From Wikipedia:
"Any Borel probability measure on any metric space is a regular measure."
I've been thinking about how to prove this. And now I'm wondering whether being Borel isn't enough. Is $\mu(X) = 1$ (or $\mu(X) < \infty$) necessary and does $X$ have to be a metric space? I assume the answer to this is yes but I don't see why. Maybe someone could give me a hint for a proof or a proof?
Thanks for your help.
Let $X$ be a metrizable space and let $\mu$ be a finite Borel measure on $X$.
Let $\Sigma$ be the family of Borel sets $A$ such that $$ \begin{align*} \mu(A) &= \sup{\{\mu(F)\,:\,F \subset A \text{ is closed}\}} = \inf{\{\mu(G)\,:\,G \supset A \text{ is open}\}}. \end{align*} $$ Since for each closed set $A$ in a metrizable space we have $A = \bigcap_{n=1}^{\infty} G_n$ for some sequence of open sets $G_n$, we see that $\Sigma$ contains the closed sets. Clearly $\Sigma$ is closed under complementation and I leave it to you to verify that it is closed under taking countable unions. Therefore $\Sigma$ is the family of Borel sets.
The same line of reasoning goes through in any space in which closed sets are $G_\delta$-sets, e.g. perfectly normal spaces, which are a bit more general than metric spaces.
Further remarks:
While the definition of regularity used here is probably the most common one nowadays, it is a bit dangerous to speak of regularity without further specifying what is intended. Many authors mean by inner regularity that $\mu(A) = \sup{\{\mu(K)\,:\,K \subset A \text{ is compact}\}}$ (that's probably due to Bourbaki, where only measures on locally compact spaces were considered). This property is often called tightness in modern texts.
One can show that in a separable, completely metrizable space, every finite Borel measure is automatically tight, see Kechris, Classical Descriptive Set Theory, Theorem 17.11, p.107 for a proof. Without these assumptions this may fail.
Some assumptions are necessary, but finiteness of $\mu$ is much too strong. One can show (with quite a bit more work) that in a metrizable space, every semi-finite Borel measure (every set of infinite measure contains a set of finite measure) is inner regular with respect to the closed sets. Again, this extends to perfectly normal spaces.
As for outer regularity, this notion is not particularly useful beyond $\sigma$-finite Borel measures.

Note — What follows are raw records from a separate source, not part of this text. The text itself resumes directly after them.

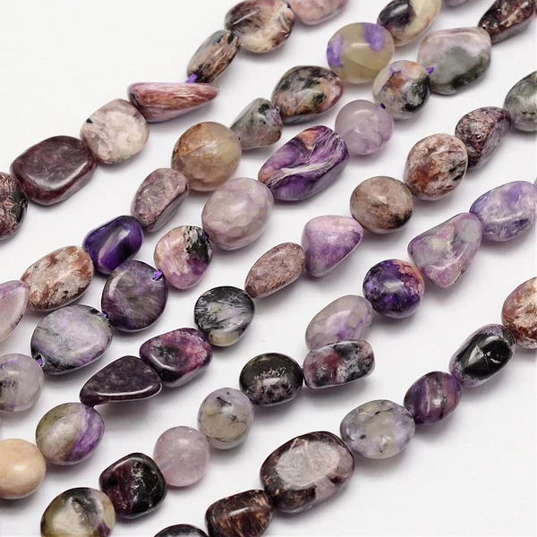 A Charoite egy rendkívül jellegzetes és lenyűgöző ásvány, amelynek szépsége már apró, zúzott formában is remekül érvényesül. A belőle készült ékszereknek éppen ez a jellegzetesség, a semmi mással össze nem téveszthető minta- és színvilág adja a vonzerejét. Örvénylő, selyemfényű mintázata és élénk, a levendulától a mélyliláig terjedő színei varázslatosak. Nem véletlen, hogy a spirituális átalakulás, a belátás és a nagylelkűség kövének tartják. Sokan azért viselik, mert úgy vélik, segít feloldani a negativitást, legyőzni a félelmeket, és elősegíti az önmagunknak való megbocsátást. A Charoite ásványgyöngy kifejezetten alkalmas hobbi ékszerek készítéséhez, mivel rendkívül ellenálló a véletlen sérülésekkel szemben.
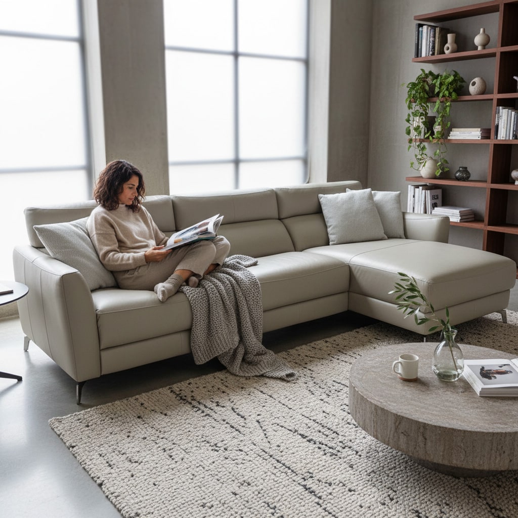 Natuzzi Italia Stan Leather Power Sectional with Chaise
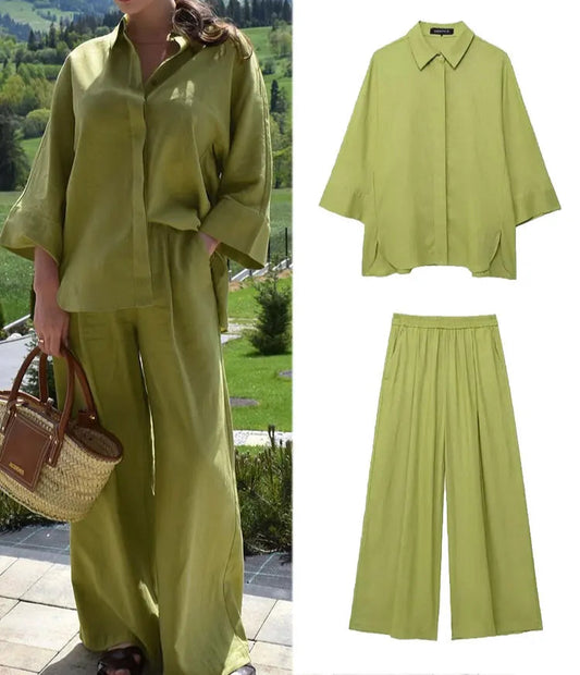 Conjunto Feminino Viana Cropped com Zíper e Calça Pantalona - Sale
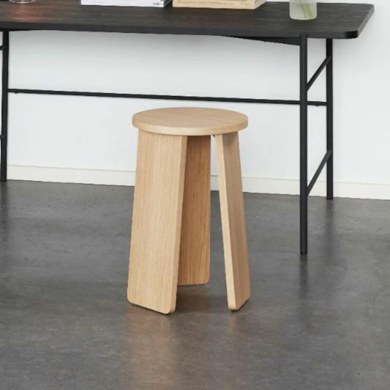 Pyöreä tammiviilusta valmistettu Split Triple design-jakkara jonka leveät jalat mukailevat jakkaran reunoja ja muodostavat tukevan ja näyttävän kokonaisuuden. Tuote toimii mainiosti myös apupöytänä.

One result that is useful is that a locally finite Borel measure (every point has an open neighborhood of finite measure) on a separable metrizable space is automatically $\sigma$-finite and regular.
Then you can use the infinite sum $\bigcup_i G_i$, but you shouldn't use the infinite sum of $\bigcup_i F_i$ - it may not be a closed set. Fortunately we can choose an appropriate finite sum.
– savick01 May 11 '13 at 15:05It's a reply to this comment. I'm writing it as an answer since there is a bit too much $\LaTeX$ in it.
Well, for each $\varepsilon$ you need $n, G_i, F_i$ such that: $\mu\Big(\bigcup_{i\in \mathbb N} G_i \setminus \bigcup_{i<n} F_i\Big) < \varepsilon$.
We can equivalently require: $\mu \Big(\bigcup_{i\in \mathbb N} G_i \setminus \bigcup_{i\in \mathbb N} A_i \Big) < \varepsilon$ and $\mu \Big(\bigcup_{i\in \mathbb N} A_i \setminus \bigcup_{i<n} F_i\Big) < \varepsilon$. So actually the problem is the second assertion.
We have $F_i$ such that $\mu(A_i\setminus F_i)< \frac{\varepsilon}{2^{i+2}}$, so $\mu \Big(\bigcup_{i\in \mathbb N} A_i \setminus \bigcup_{i\in\mathbb N} F_i\Big) \leq \sum_{i \in \mathbb N} \frac{\varepsilon}{2^{i+2}} = \frac{\varepsilon}{2}$. Thus we know: $$\mu \Big(\bigcup_{i\in\mathbb N} F_i\Big) \geq \mu\Big(\bigcup_{i\in \mathbb N} A_i\Big) - \frac{\varepsilon}{2}.$$ Finally, we use continuity of measure to conclude that there exists $n$ such that $$\mu \Big(\bigcup_{i<n} F_i\Big) > \mu\Big(\bigcup_{i\in \mathbb N} A_i\Big) - \varepsilon.$$